We've been talking about this since before summit without much consensus.
I think a large part of the problem is that very few people have deep
knowledge of both Heat and Versioned Objects. However, I think we are at a
point where we should be able to settle on an approach at least for the API<-

engine RPC interface. I've been talking to Dan Smith about the Nova team's

plan for upgrades, which goes something like this:

* Specify a max RPC API version in the config file
* In the RPC client lib, add code to handle versions as far back as the previous
release
* The operator rolls out the updated code, keeping the existing config file
with the pin to the previous release's RPC version
* Once all services are upgraded, the operator rolls out a new config file
shifting the pin
* The backwards compat code to handle release N-1 is removed in the N+1
release

This is, I believe, sufficient to solve our entire problem.
Specifically, we have no need for an indirection API that rebroadcasts
messages that are too new (since that can't happen with pinning) and no
need for Versioned Objects in the RPC layer. (Versioned objects for the DB
are still critical, and we are very much better off for all the hard work that
Michal and others have put into them. Thanks!)


What is the use of versioned objects outside of RPC?
I've written some documentation for Oslo VO and helped in introducing them in 
Heat.
As I understand it, the only use cases for VO are
* to serialize objects to dicts with version information when they are sent 
over RPC
* handle version dependent code inside the objects (instead of scattering it 
around the codebase)


This is what we currently have them for AIUI - so that we can do updates 
to the DB schema without downtime. The VO abstracts the 
version-dependent parts in a single place, so the rest of the code can 
continue to work even with an old DB schema. This means that we can roll 
out new code and only update the schema once it is all running.



* provide an object oriented and transparent access to the resources 
represented by the objects to services which don't have direct access to that 
resource (via RPC) - the indirection API

The last point was not yet discussed in Heat as far as I know, but the 
indirection API also contains an interface for backporting objects, which is 
something that is currently only used in Nova, and as you say, doesn't have a 
use when version pinning is in place.



The nature of Heat's RPC API is that it is effectively user-facing - the 
heat-api
process is essentially a thin proxy between ReST and RPC. We already have a
translation layer between the internal representation(s) of objects and the
user-facing representation, in the form of heat.engine.api, and the RPC API is
firmly on the user-facing side. The requirements for the content of these
messages are actually much stricter than anything we need for RPC API
stability, since they need to remain compatible not just with heat-api but
with heatclient - and we have *zero* control over when that gets upgraded.
Despite that, we've managed quite nicely for ~3 years without breaking
changes afaik.

Versioned Objects is a great way of retaining control when you need to share
internal data structures between processes. Fortunately the architecture of
Heat makes that unnecessary. That was a good design decision. We are not
going to reverse that design decision in order to use Versioned Objects. (In
the interest of making sure everyone uses their time productively, perhaps I
should clarify that to: "your patch is subject to -2 on sight if it introduces
internal engine data structures to heat-api/heat-cfn-api".)
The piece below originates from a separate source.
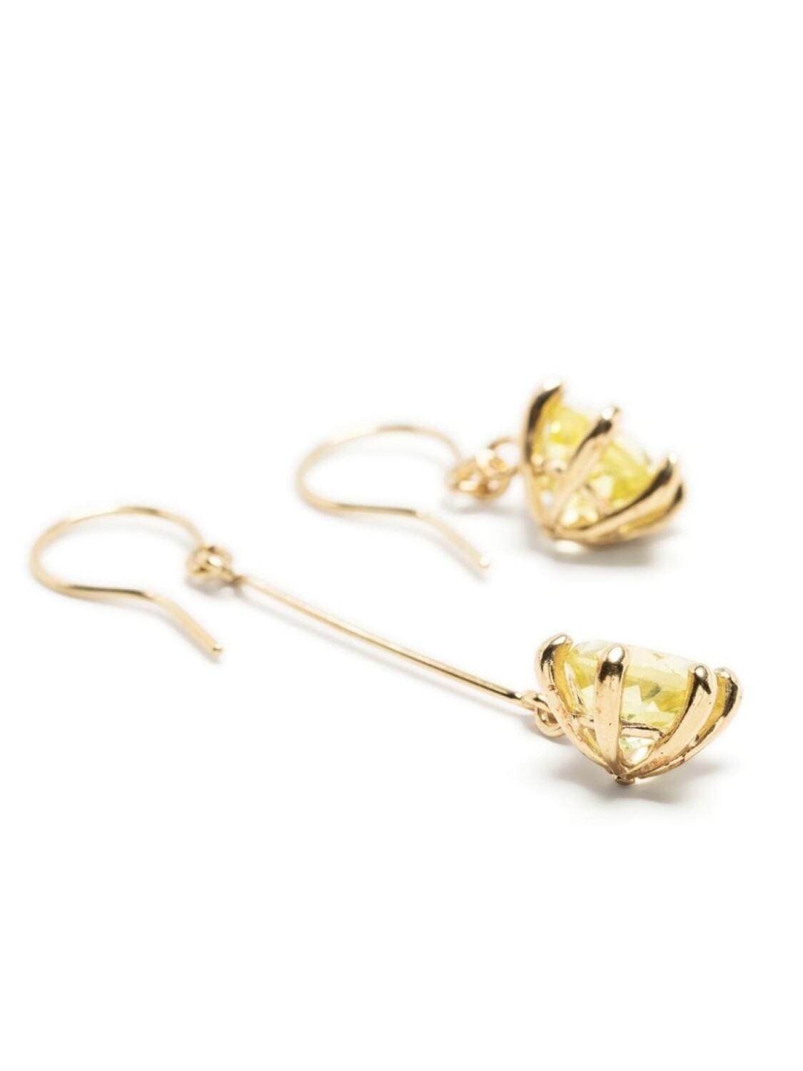 Золотистый, желтый цитрон, топаз, вставка с камнями, асимметричная форма, серьги-подвески и застежка на крючок. В комплект входят две серьги.

Hopefully I've convinced you of the sufficiency of this plan for the API<-

engine interface specifically. If anyone disagrees, let them speak now, &c.
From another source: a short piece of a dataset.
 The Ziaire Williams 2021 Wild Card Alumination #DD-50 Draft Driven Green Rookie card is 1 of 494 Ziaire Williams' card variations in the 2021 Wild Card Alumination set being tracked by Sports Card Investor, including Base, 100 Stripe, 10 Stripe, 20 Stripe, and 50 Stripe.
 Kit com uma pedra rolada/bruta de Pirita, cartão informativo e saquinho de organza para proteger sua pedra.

I don't understand - what is the distinction between internal and external data 
structures?


Internal data structures are just whatever it's most convenient for the 
application to work with. They're subject to change/refactoring at any time.


External data structures are ones that have an explicit stability 
guarantee, in this case because they're part of the user interface.
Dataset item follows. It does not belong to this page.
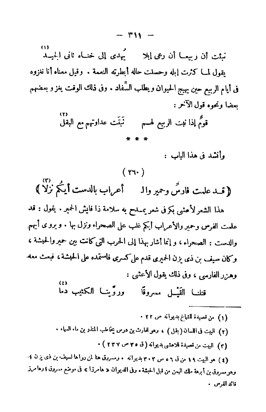 هذا الشعر لأعشى بكر في شعر يمدح به سلامة ذا فايش الحمير. يقول: قد علمت الفرس وحمير والأعراب أيكم غلب على الصحراء ونزل بها. ويروى أيهم والدست: الصحراء، وإنما أشار بهذا على الحرب التي كانت بين حمير والحبشة، وكان سيف بن ذي يزن الحميري قدم على كسرى فاستمده على الحبشة، فبعث معه وهزر الفارسي، وفي ذلك يقول الأعشى:

 From what I understand, versioned objects were introduced in Heat to represent 
objects which are sent over RPC between Heat services.


I believe you have been misinformed. All of the versioned objects that 
have been created so far are representations of tables in the database. 
However, we never send these over RPC: pre-VO it would obviously have 
been dumb to couple the user interface to the representation in the 
database, so we just didn

Re: [openstack-dev] [Heat] RPC API versioning

2015-08-06 Thread Zane Bitter

On 06/08/15 10:08, Dan Smith wrote:

This is, I believe, sufficient to solve our entire problem.
Specifically, we have no need for an indirection API that rebroadcasts
messages that are too new (since that can't happen with pinning) and no
need for Versioned Objects in the RPC layer. (Versioned objects for the
DB are still critical, and we are very much better off for all the hard
work that Michal and others have put into them. Thanks!)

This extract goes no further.